The Supreme Court will decide whether the disparate impact standard will remain available to those complaining of housing discrimination under the Fair Housing Act.

The Consumer Financial Protection Bureau has used disparate impact to attempt to prove illegal discrimination in auto finance.

According to the CFPB, auto lenders’ practice of allowing dealerships to set their own finance reserve amounts for arranging auto loans results in legally protected groups paying higher interest rates than other similarly situated borrowers. That disparate impact amounts to illegal discrimination, the CFPB says.

Ally Financial Inc. in December 2013 agreed to pay $98 million in restitution and civil penalties for alleged discrimination against minority buyers under a consent order with the CFPB and the U.S. Justice Department. Ally denied allowing discrimination.

‘Focused narrowly’

Jess Sharp, managing director of the Center for Capital Markets Competitiveness at the U.S. Chamber of Commerce, said that although the case does not directly align with auto lending, a ruling that bars disparate impact could propel a similar change in the Equal Credit Opportunity Act in the future.

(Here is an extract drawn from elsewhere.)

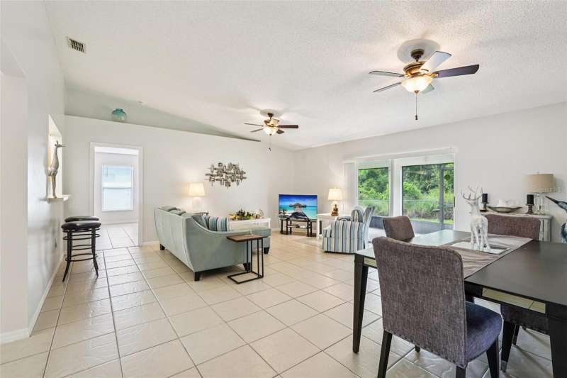 Ask about a lender provided rate buy-down credit on this home /// Seller may consider buyer concessions if made in an offer /// Welcome to your new home sweet home and this well maintained single story 3-bedroom, 2-bath home in The Wilderness community of Kissimmee! Sitting on a spacious .23 ACRE LOT and backing up to peaceful CONSERVATION, this home combines a great layout with privacy and convenience. Inside you will find TILE FLOORS THROUGHOUT and an inviting OPEN CONCEPT great room complete with a vaulted ceiling. There is a natural flow into the EAT-IN KITCHEN, delivering STAINLESS STEEL APPLIANCES, pantry storage and a cozy casual dining space. Sliding glass doors open to an expansive SCREENED LANAI and the perfect spot to enjoy Florida’s indoor/outdoor lifestyle all with a WOODED VIEW. The SPLIT BEDROOM floor plan offers privacy for all – your PRIMARY SUITE features a large WALK-IN CLOSET and private bath, while bedrooms two and three share a full bath on the opposite side of the home. Additional highlights include: a 2-car garage with EPOXY FLOORS, WATER SOFTENER, and ample closet storage. The home has been nicely landscaped and offers the flexibility of negotiable furnishings - you can just move right in! Residents of The Wilderness will enjoy a COMMUNITY POOL, playground and tennis courts all with a LOW HOA. Perfect as a starter home or solid investment opportunity, the location can’t be beat – close to shopping, dining, and major roadways, with area theme parks and resorts just minutes away! Call today to schedule a tour!

“The Supreme Court is only focused narrowly on the Fair Housing Act,” Sharp said. “The connection to the auto lending industry is that the Equal Credit Opportunity Act has very similar language in the law that the government relies upon to use disparate impact.”

The result of the case won’t affect what the CFPB and other regulators can do immediately, but over time, a precedent in housing could undercut the CFPB’s argument that it can use disparate impact under the ECOA, Sharp said.

‘Minimal’ impact

Although the CFPB has applied the disparate impact theory to auto finance, attorney Kenneth Rojc, managing partner at Nisen & Elliott Automotive Finance, disagrees that the court’s ruling could lead to an auto lending change. Regardless of the Supreme Court’s ruling, disparate impact in the subprime mortgage space doesn’t align with auto lending, he said.

“The impact of the case would be minimal because the disparate impact in connection with the auto lending sector is different than the housing arena,” he said.

Subprime mortgage lending is subject to the Fair Housing Act, a different statute from the Equal Credit Opportunity Act that auto lenders abide by, he said.

“This development will not move the needle for the CFPB,” he said. “It cannot be translated into the auto finance arena.”

‘Conceptual similarity’

A Supreme Court ruling in favor of Texas could cement that disparate impact and illegal discrimination don’t necessarily correlate, said Leonard Bellavia, a partner at Bellavia Blatt & Crossett.

“Although the Texas case involves the Fair Housing Act and not auto lending under ECOA, there is an obvious conceptual similarity,” Bellavia said. “A ruling favorable to Texas would essentially be a Supreme Court pronouncement that disparate impact and illegal discrimination are not necessarily overlapping concepts. It would be another nail in the coffin of the CFPB’s initiative against auto lenders.”